======== Records for this task

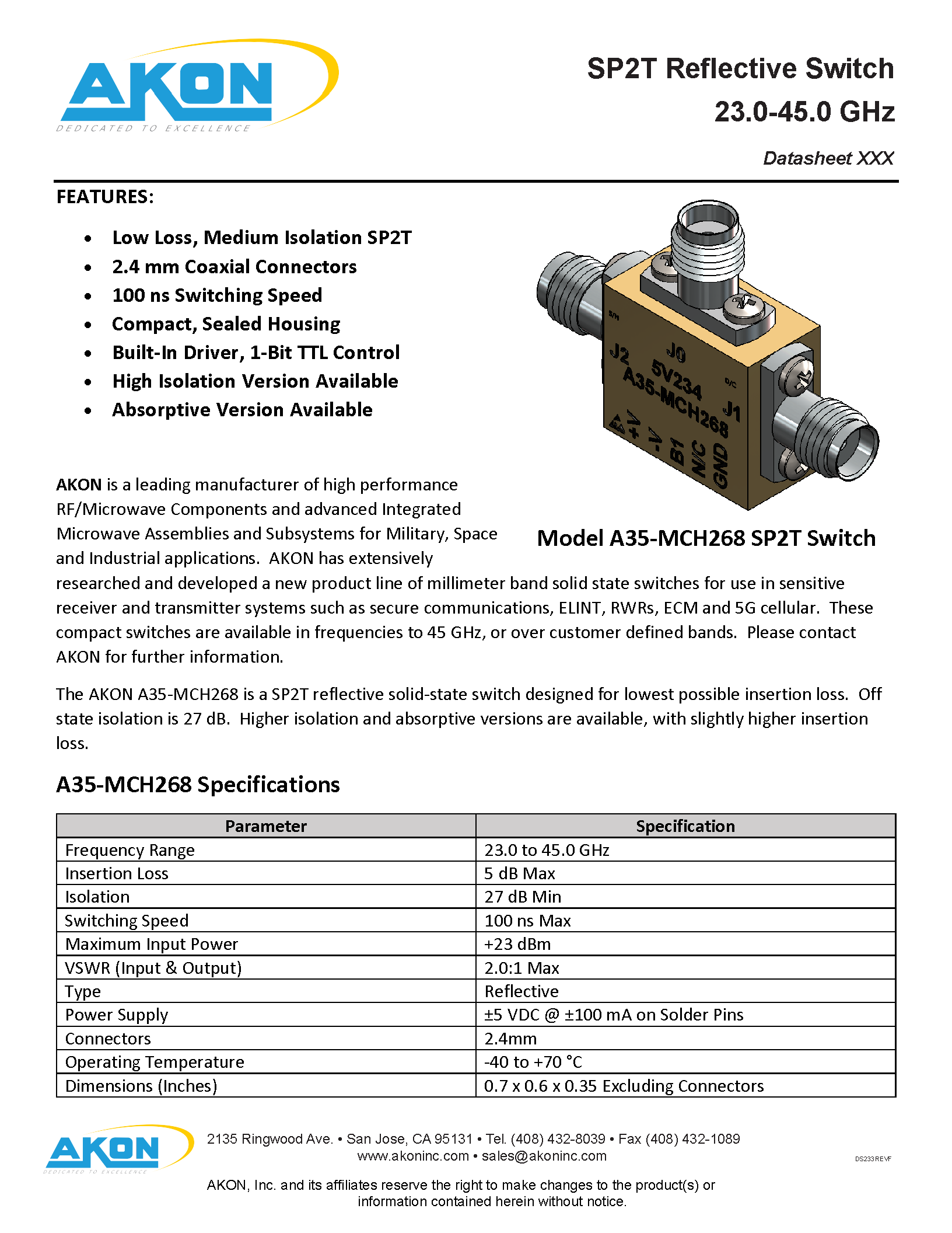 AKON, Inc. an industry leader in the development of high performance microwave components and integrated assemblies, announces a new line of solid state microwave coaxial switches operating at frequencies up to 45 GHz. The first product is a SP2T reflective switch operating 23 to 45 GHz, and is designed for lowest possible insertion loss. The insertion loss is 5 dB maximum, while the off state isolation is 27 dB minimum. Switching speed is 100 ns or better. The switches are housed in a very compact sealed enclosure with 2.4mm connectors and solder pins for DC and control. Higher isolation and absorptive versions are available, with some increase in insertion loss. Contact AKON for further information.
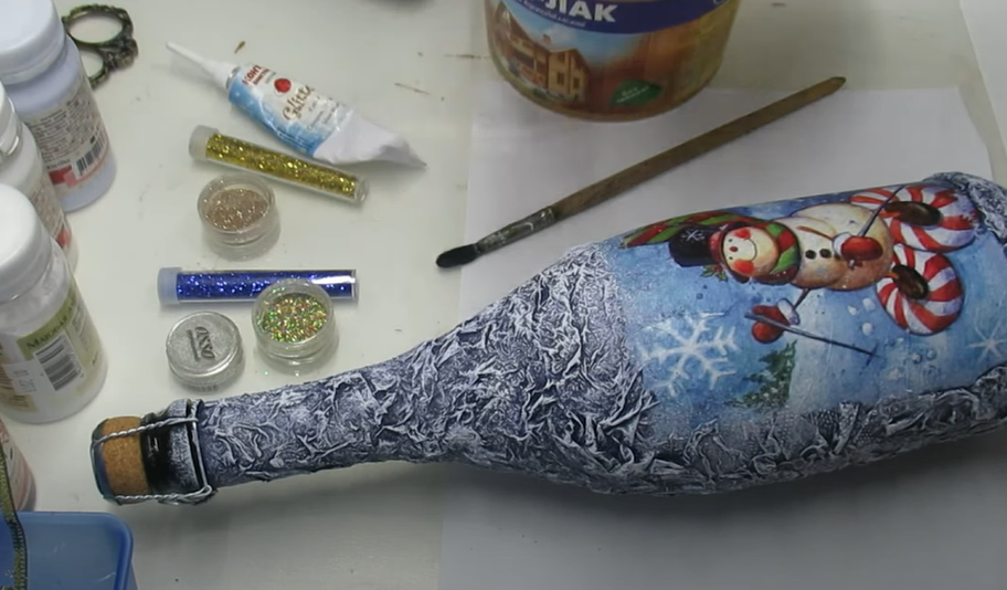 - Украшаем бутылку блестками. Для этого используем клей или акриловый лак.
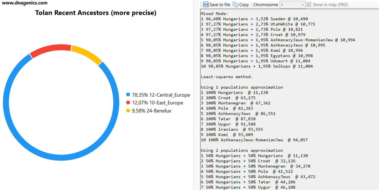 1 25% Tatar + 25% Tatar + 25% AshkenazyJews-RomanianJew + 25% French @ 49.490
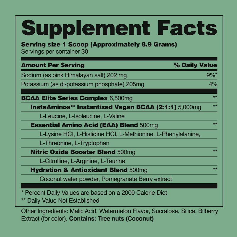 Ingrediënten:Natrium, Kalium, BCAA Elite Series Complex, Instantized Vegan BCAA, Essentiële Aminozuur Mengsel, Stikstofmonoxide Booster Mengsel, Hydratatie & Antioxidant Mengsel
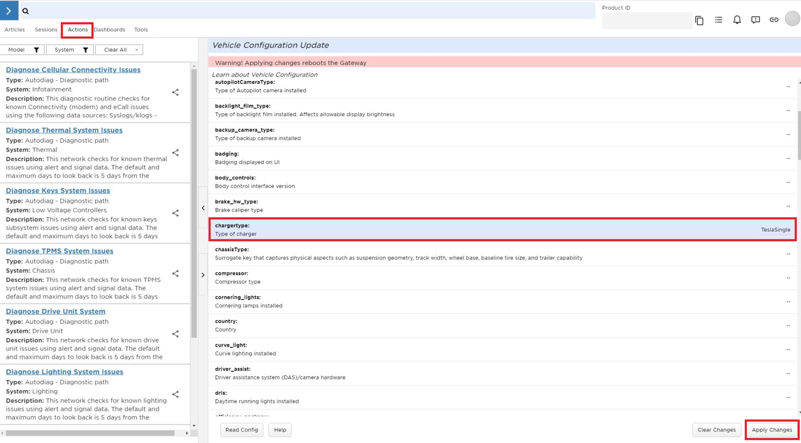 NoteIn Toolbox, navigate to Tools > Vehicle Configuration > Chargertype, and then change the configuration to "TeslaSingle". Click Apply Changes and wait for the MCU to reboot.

================

▶ **Problem to work on**
Without including any picture, repeat the data exactly.

▶ **Response**
 AKON, Inc. an industry leader in the development of high performance microwave components and integrated assemblies, announces a new line of solid state microwave coaxial switches operating at frequencies up to 45 GHz. The first product is a SP2T reflective switch operating 23 to 45 GHz, and is designed for lowest possible insertion loss. The insertion loss is 5 dB maximum, while the off state isolation is 27 dB minimum. Switching speed is 100 ns or better. The switches are housed in a very compact sealed enclosure with 2.4mm connectors and solder pins for DC and control. Higher isolation and absorptive versions are available, with some increase in insertion loss. Contact AKON for further information.
 - Украшаем бутылку блестками. Для этого используем клей или акриловый лак.
 1 25% Tatar + 25% Tatar + 25% AshkenazyJews-RomanianJew + 25% French @ 49.490
 Ingrediënten:Natrium, Kalium, BCAA Elite Series Complex, Instantized Vegan BCAA, Essentiële Aminozuur Mengsel, Stikstofmonoxide Booster Mengsel, Hydratatie & Antioxidant Mengsel
 NoteIn Toolbox, navigate to Tools > Vehicle Configuration > Chargertype, and then change the configuration to "TeslaSingle". Click Apply Changes and wait for the MCU to reboot.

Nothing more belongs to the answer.